=== GIVEN RECORDS ===

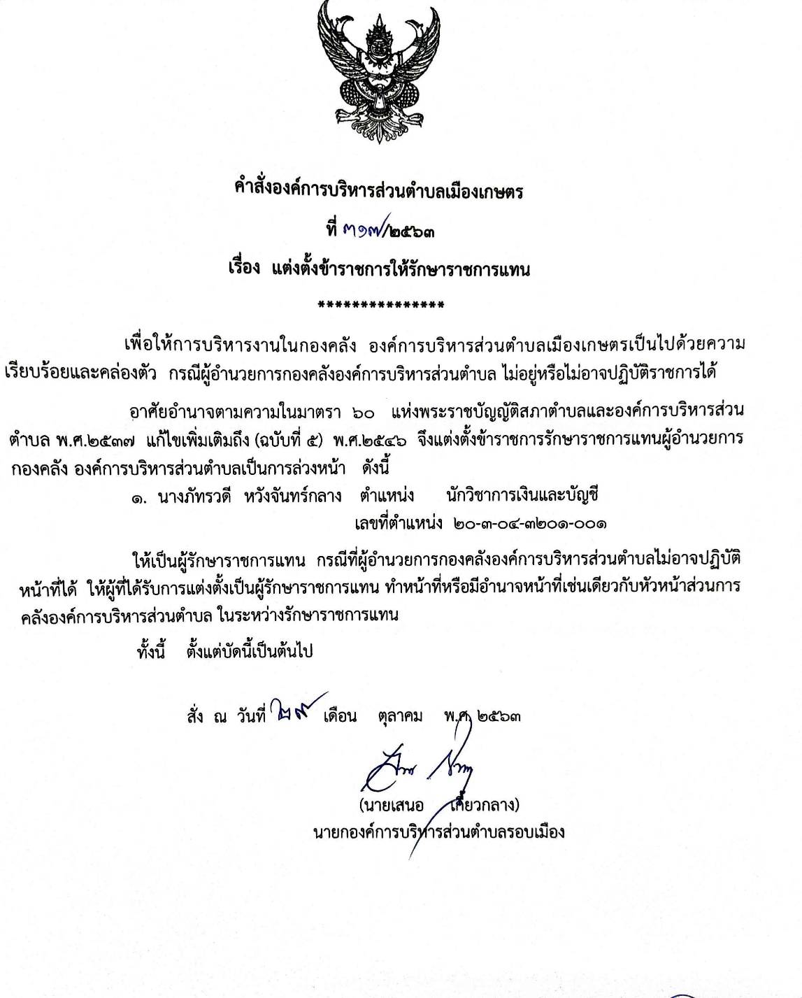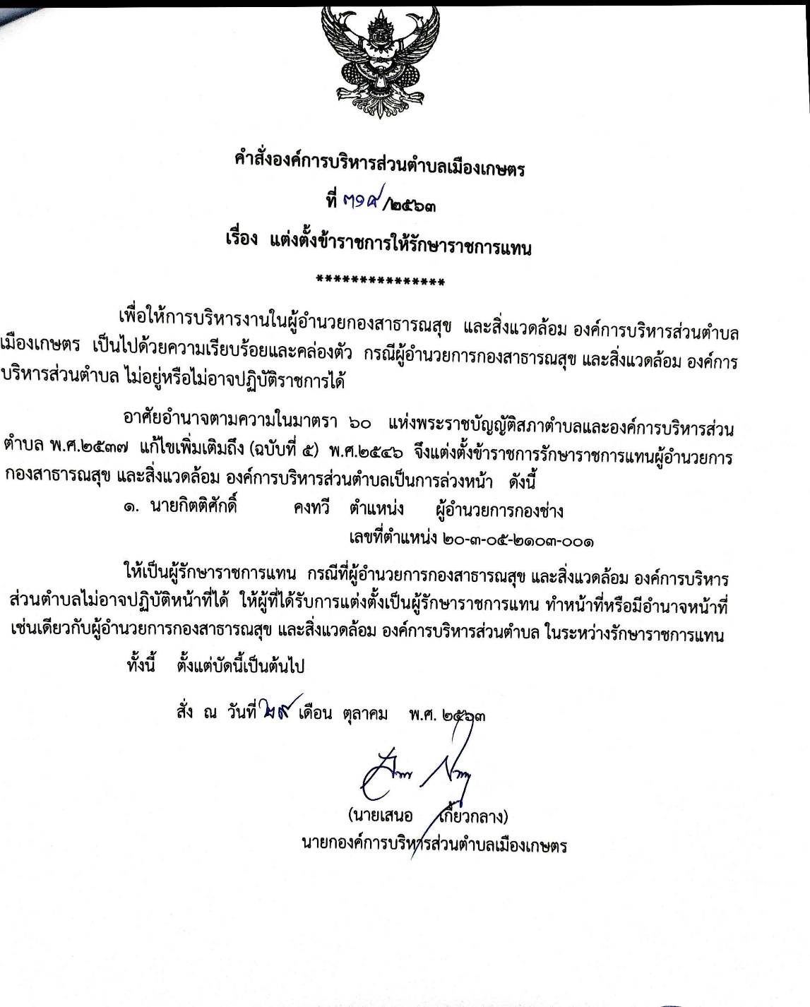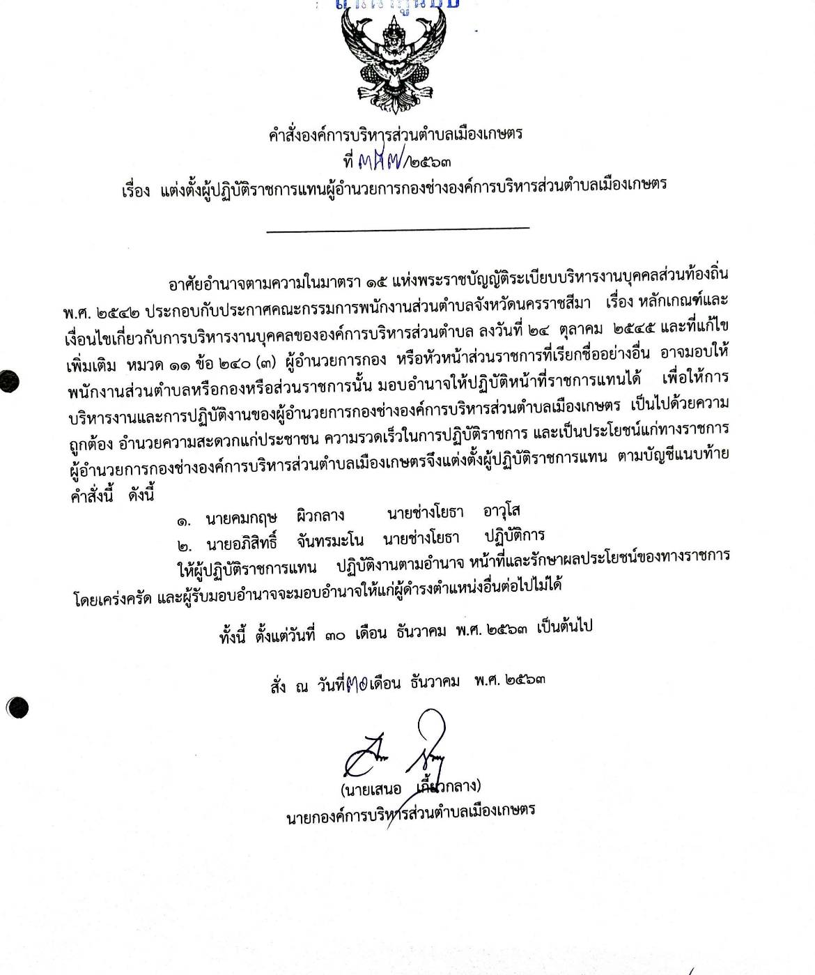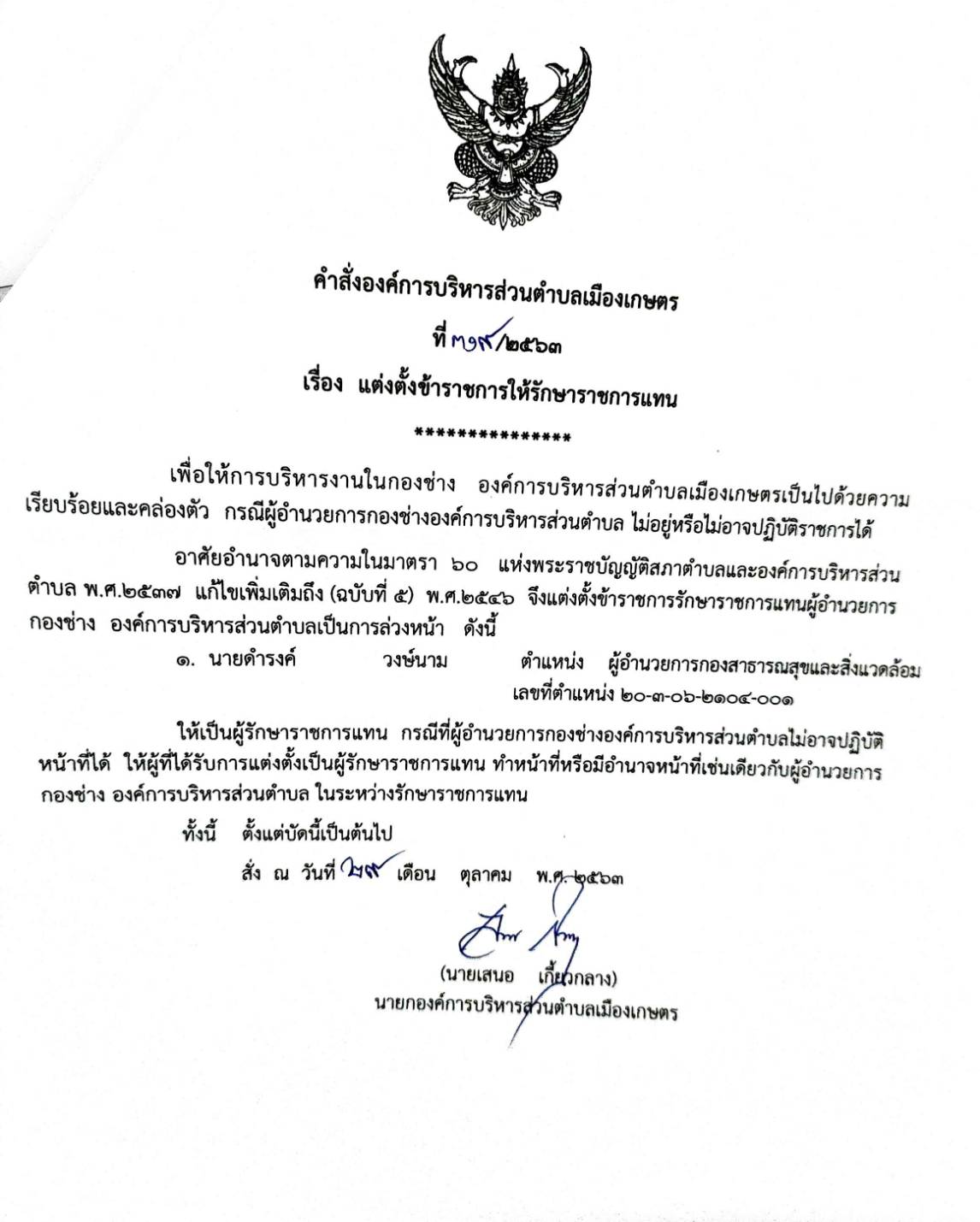 ประชาสัมพันธ์การมอบอำนาจปฏิบัติราชการและรักษาราชการแทนภายใน อบต.เมืองเกษตร
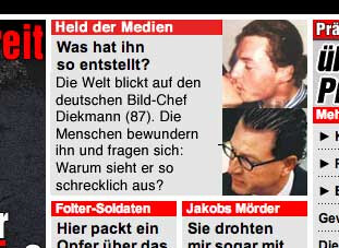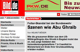 bild am sonntag (BAMS) behauptet, dass die bild-„zeitung“ den guten ruf der bundeswehr beschädigen will. diekmann hat das nicht bemerkt, der guckt sich die scheisse die seine redakteure schreiben offenbar nicht an, vielleicht weil er wie axel springer schmerzen beim lesen der bild-„zeitung“ verspürt. aber zum kontroll-lesen gibts ja zum glück das bildblog.
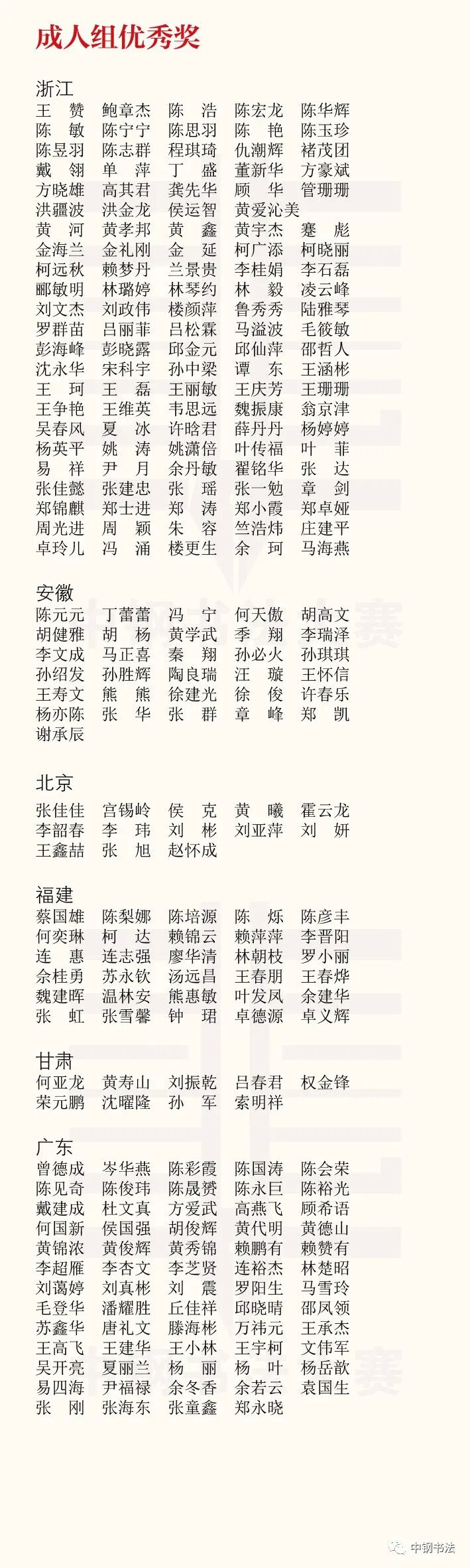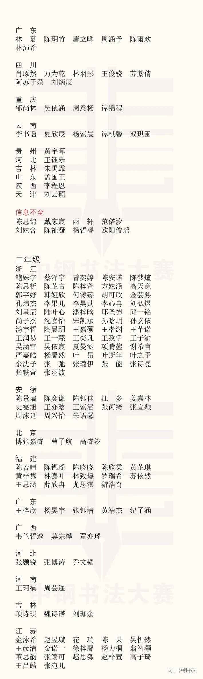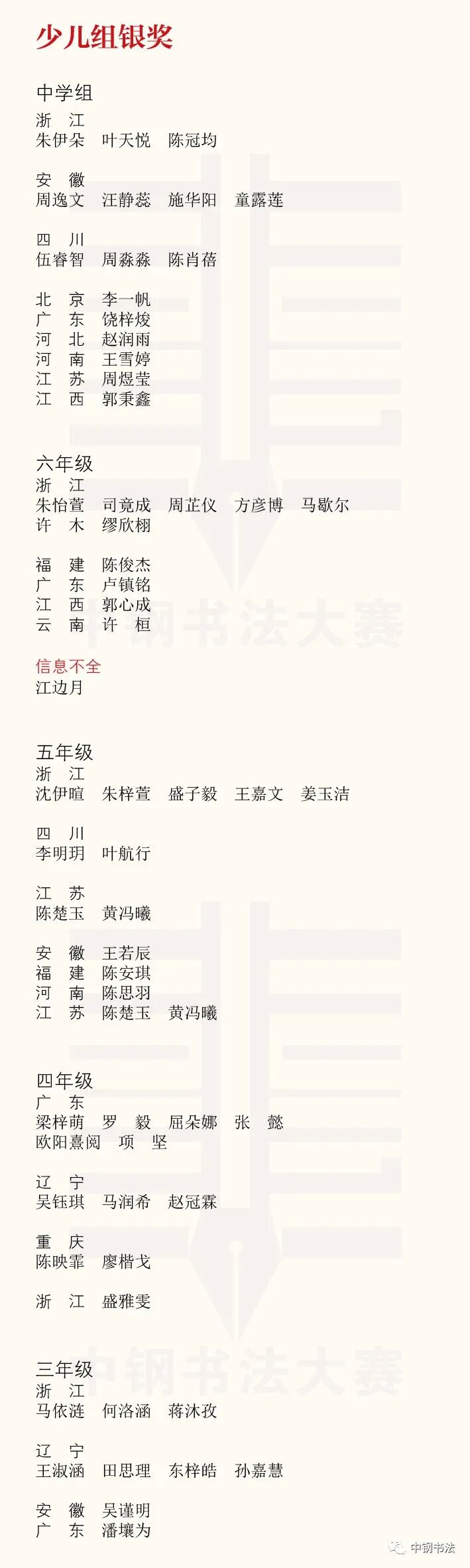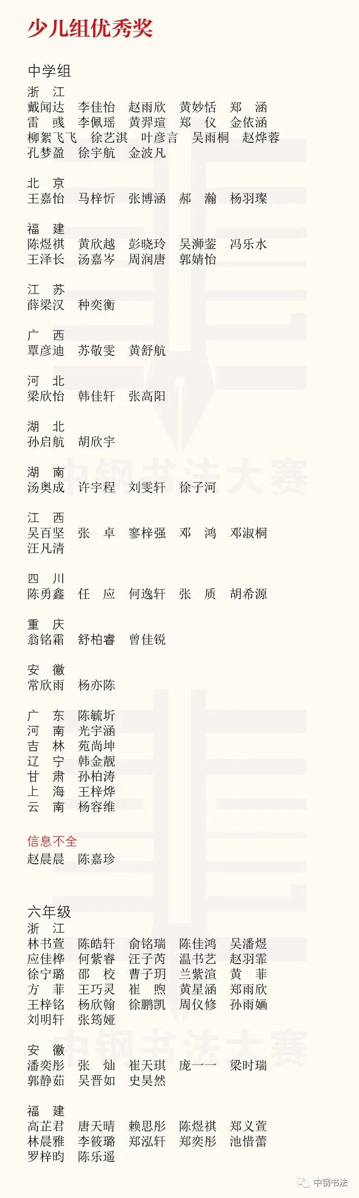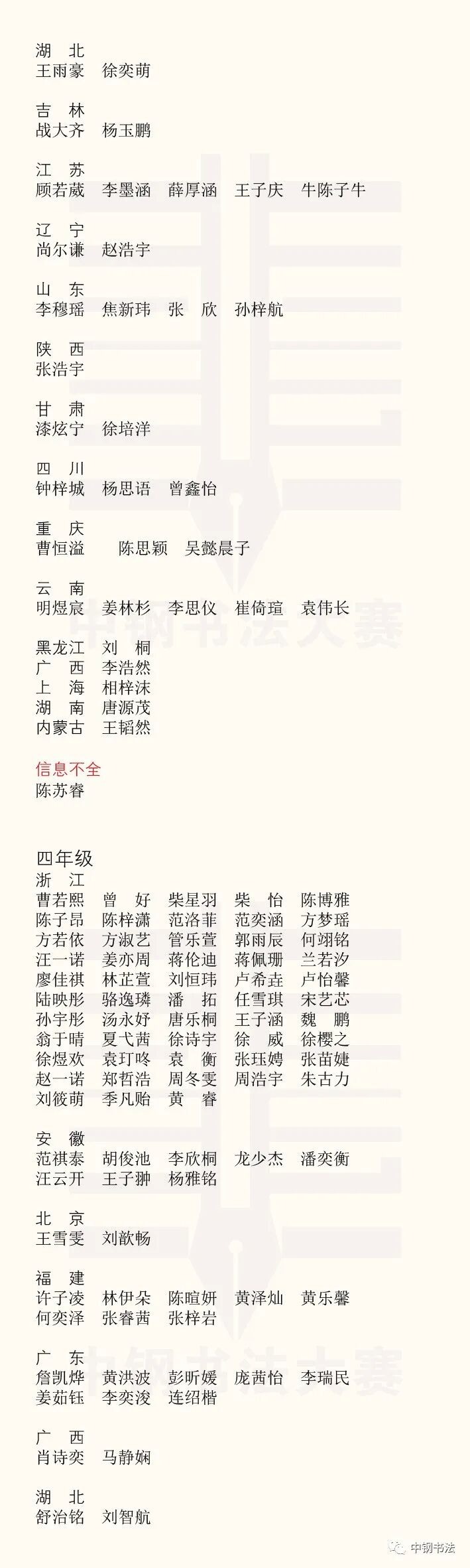 “英雄杯”第十五届中国钢笔书法大赛作品获奖名单
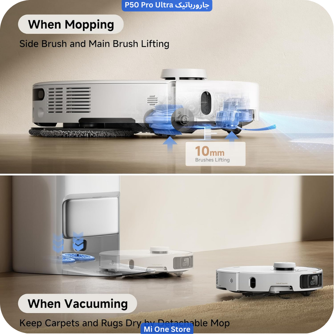 در فرش یا مکانهایی که فرش دارید، جارورباتیک P50 Pro Ultra بهصورت هوشمند بین حالت جارو و تی جابجا میشود، تیها را بلند میکند یا جدا میکند تا فرش خیس نشود، بنابراین فرشها خشک و تمیز باقی میمانند.
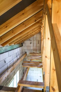 Кровля - двускатная, использована сухая строганная доска на стропила, обрешетку, контрабрешетку, металлочерепица, гидроверозащитная мембрана;
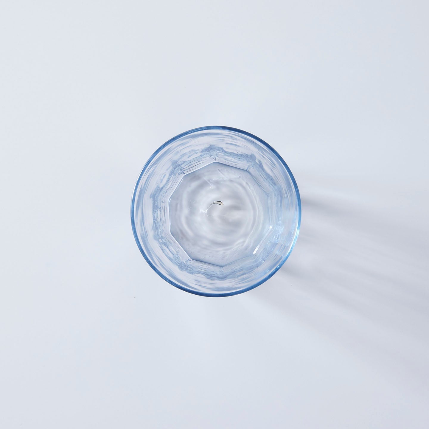 小宮さんの作るこの「十角グラス」は、置かれた立ち姿も美しい。湖の水面のような揺らぎは、眺めていると心が落ち着いていくよう。少し厚めに作られた底にも注目です。
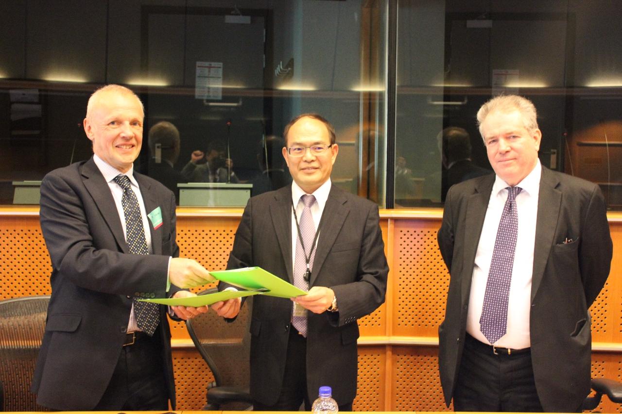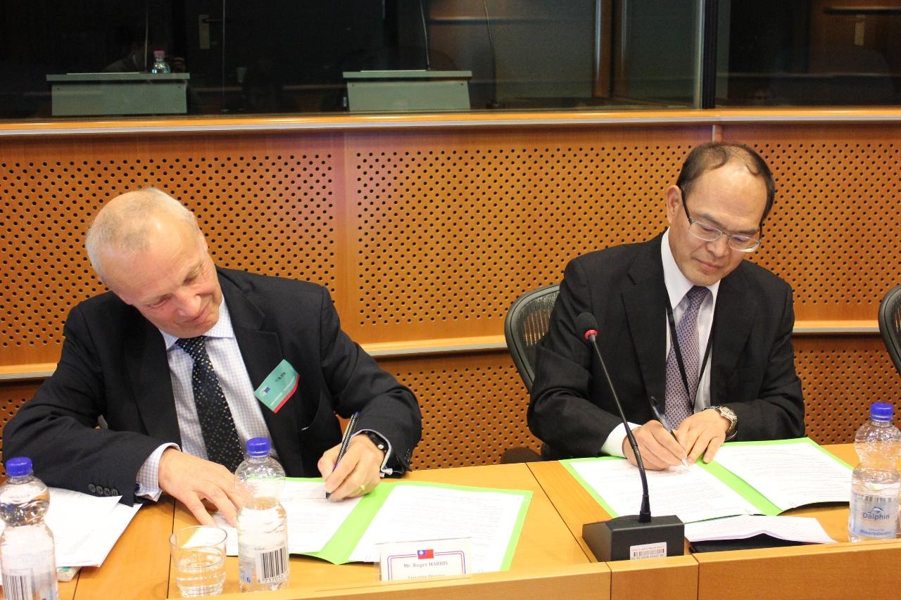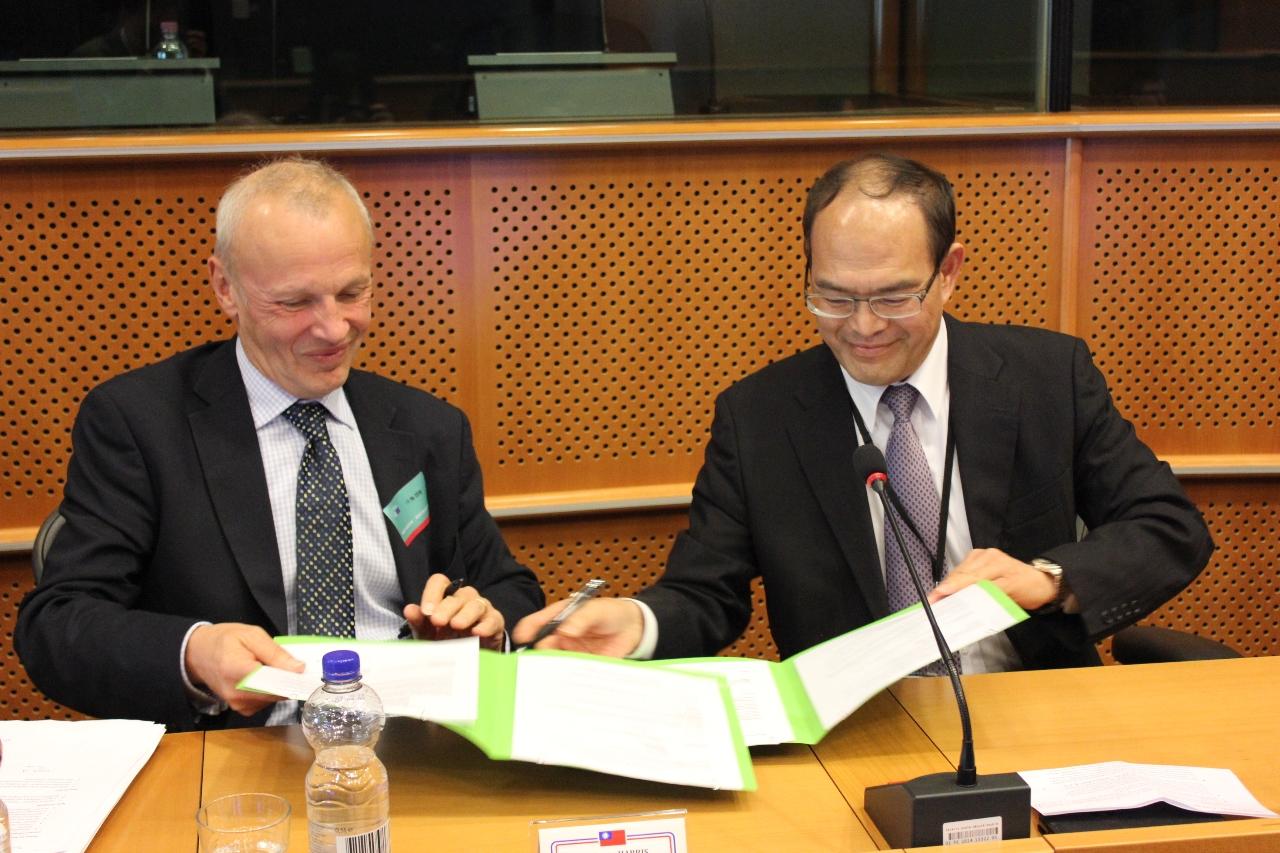 As a long-time champion of the fight against piracy, MEP Charles Tannock, Honorary Chairman of the EP-Taiwan Friendship Group, hosted the signing ceremony at the European Parliament in recognition of Taiwan’s counter-piracy contribution. The ceremony was attended by MEPs and officials from the European Union and diplomatic missions in Brussels.

===

TASK BRIEF: Exact copy, pictures excluded: from the line with "bild am sonntag" up to and including the line with "小宮さんの作るこの「十角グラ" in the data above.

EXPECTED ANSWER:
 bild am sonntag (BAMS) behauptet, dass die bild-„zeitung“ den guten ruf der bundeswehr beschädigen will. diekmann hat das nicht bemerkt, der guckt sich die scheisse die seine redakteure schreiben offenbar nicht an, vielleicht weil er wie axel springer schmerzen beim lesen der bild-„zeitung“ verspürt. aber zum kontroll-lesen gibts ja zum glück das bildblog.
 “英雄杯”第十五届中国钢笔书法大赛作品获奖名单
 در فرش یا مکانهایی که فرش دارید، جارورباتیک P50 Pro Ultra بهصورت هوشمند بین حالت جارو و تی جابجا میشود، تیها را بلند میکند یا جدا میکند تا فرش خیس نشود، بنابراین فرشها خشک و تمیز باقی میمانند.
 Кровля - двускатная, использована сухая строганная доска на стропила, обрешетку, контрабрешетку, металлочерепица, гидроверозащитная мембрана;
 小宮さんの作るこの「十角グラス」は、置かれた立ち姿も美しい。湖の水面のような揺らぎは、眺めていると心が落ち着いていくよう。少し厚めに作られた底にも注目です。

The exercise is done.